Иногда по дороге раздаётся стук копыт.
Проводник и дама.
День кончен.
Я чувствую, как здесь с каждым днём всё стихают и стихают мои взвинченные нервы.
В этом маленьком городе дышащих здоровьем больных, благодатного воздуха, веселья и полнейшей беззаботности.
Главное — беззаботности.
Вчера ночью я не мог заснуть.
Нервы ли опять расходились, ночь ли была слишком душная.
Увядавшие розы наполняли комнату одуряющим ароматом.
Прибой ревел.
Где-то вдали, должно быть, разыгралась буря, и оттуда пришли к нам высокие волны.
Была сильная зыбь.
Волны с каким-то стоном шарахались о набережную, словно просились, чтоб взяли на землю.
Было душно, тяжко, нервы взвинтились, слух изощрился чёрт знает до чего.
Я слышал каждый шорох в соседней комнате.
Вот по коридору раздались тихие, крадущиеся шаги.
В дверь хорошенькой одесситки чуть-чуть слышно.
— Можно?
Несмотря на шёпот, я узнал голос высокого, худощавого молодого человека.
— Войдите!..
Поцелуй… Подавленный смех… Шелест… Тишина…
Опять поцелуй… Шёпот… Снова смех…
— Целуй…
Это становилось забавным.
Я приподнялся на кровати и начал прислушиваться.
Вдруг из-за стены слева послышался кашель.
Но какой кашель!
Казалось, я слышал, как отрывались куски лёгкого.
Удушливые, затяжные припадки кашля, прерываемые оханьем, стонами измученной чахоточной женщины… какое-то клокотанье…

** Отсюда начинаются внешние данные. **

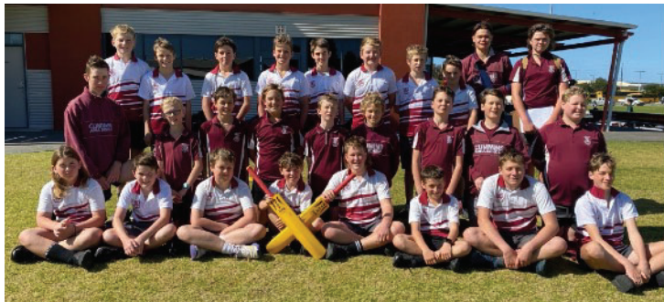
Boys T20 Cricket Teams

On Thursday, 16 th September boys and girls in Year 6/7 travelled to Ravendale Oval in Port Lincoln to compete in the annual T20 Cricket Carnival. With 14 cricket fields set out on the 2 footy ovals at Ravendale, the smaller cricket fields ensured high scores by many teams. Short boundaries saw many 4's and 6's hit. Cummins had three boys teams with 26 boys involved. The boys did exceptionally well, winning all of the 11 matches they played, with the Cummins 2 Team averaging 205 runs, Cummins 1 averaging 184 runs and Cummins 3 Team averaging 153 runs. Year 9 students Hugh Redden, Ezra Foster and William Turner coached the three boys teams.
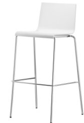
Art. 16680 Bar stool Kuadra white 18,90 €
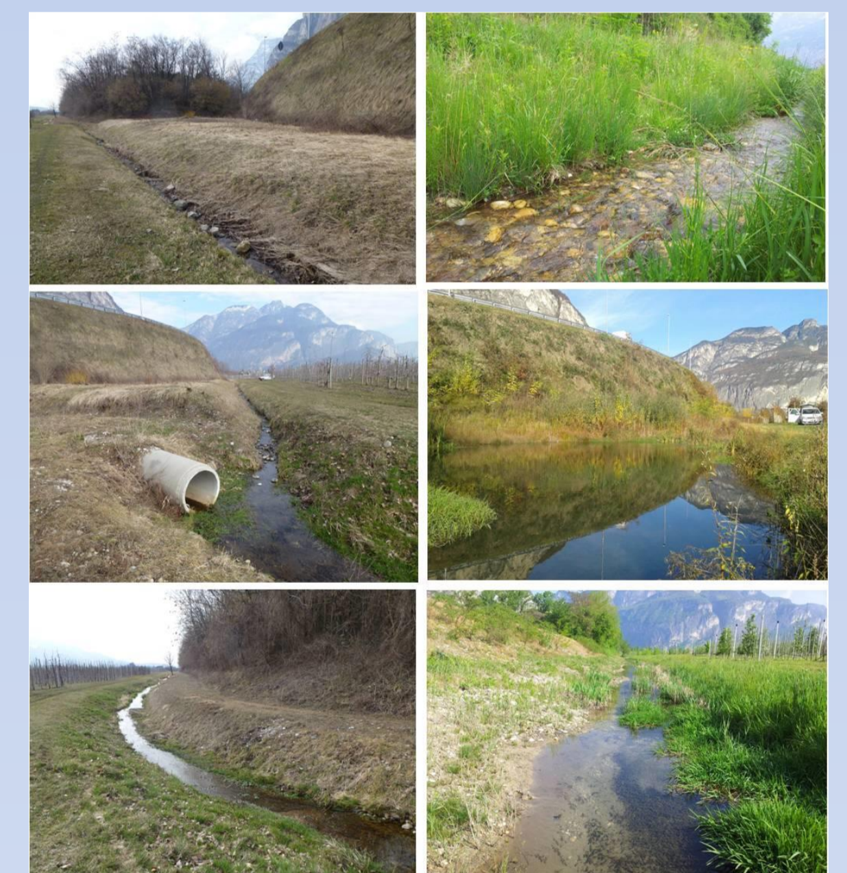
Fig. 3. Restoration of habitat for A. pallipes in the Piana Rotaliana (Trentino, LIFE +T.E.N. Action C10). Left: before restoration (2013), right: after restoration (2015).

3) Prevention and mitigation of threats:
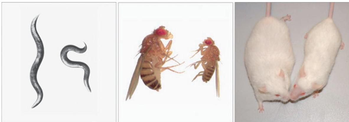
Fig. 2 Photographs depicting long-lived insulin-like growth-factor signalling (IIS)-mutant worms, flies and mice. The left panel shows a Daf-2 mutant worm adult and a Daf-2 mutant dauer (right of panel). A dauer is a developmentally arrested stage that is stress resistant and long-lived and typical of IIS-mutant worms. The middle panel shows a long-lived chico 1 homozygous female dwarf (right of panel) next to a wild-type female. The right panel shows a control and a long-lived fat-specific insulin receptor knockout (right of panel) mouse [16]. In this case, the long-lived mouse is smaller due to a lower fat content than control and not due to a developmental defect. Thus, it is possible to lower IIS activity in a manner that extends lifespan with no discernible detrimental effect on other aspects of physiology.

A great deal of the work that has been presented so far is based on genetic analyses. Whilst these have brought a wealth of understanding, they are only one part of the physiological picture and therefore cannot provide us with a complete understanding of
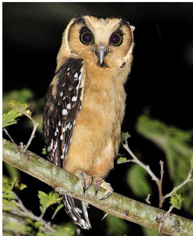
FIGURE 1. Aegolius harrisii at San Antonio Private Conservation Area, Amazonas department (Photo by Michell León).

We obtained information of six unpublished records from scientific collections, one unpublished recording of the species from Xeno-Canto ( http://www.xeno-canto.org ).

— Целуй! — шептали справа.
А слева снова припадок страшного кашля, клокотанье в груди.
Смех и стоны.
Меня прямо била лихорадка.
Я не мог лежать и заходил по комнате.
Среди кашля слышались поцелуи, среди смеха — зловещее клокотанье.
Это длилось часа два.
Наконец у хорошенькой одесситки всё стихло.
У соседки слева слышалось хрипение… тише… тише… и тоже всё стихло…
Меня охватил какой-то беспричинный ужас.
Я наскоро оделся и пошёл бродить по Ялте, по окрестностям.
Начало светать.
Было так тихо. Вдруг в этой тишине раздался благовест.
Тихо, словно боязливо…
Один удар, другой, и всё смолкло.
Из-за поворота улицы чуть не бегом какие-то люди вынесли гроб.
Ни провожатых, никого.
Люди с гробом почти бежали, словно боясь, чтоб их кто-нибудь не увидел.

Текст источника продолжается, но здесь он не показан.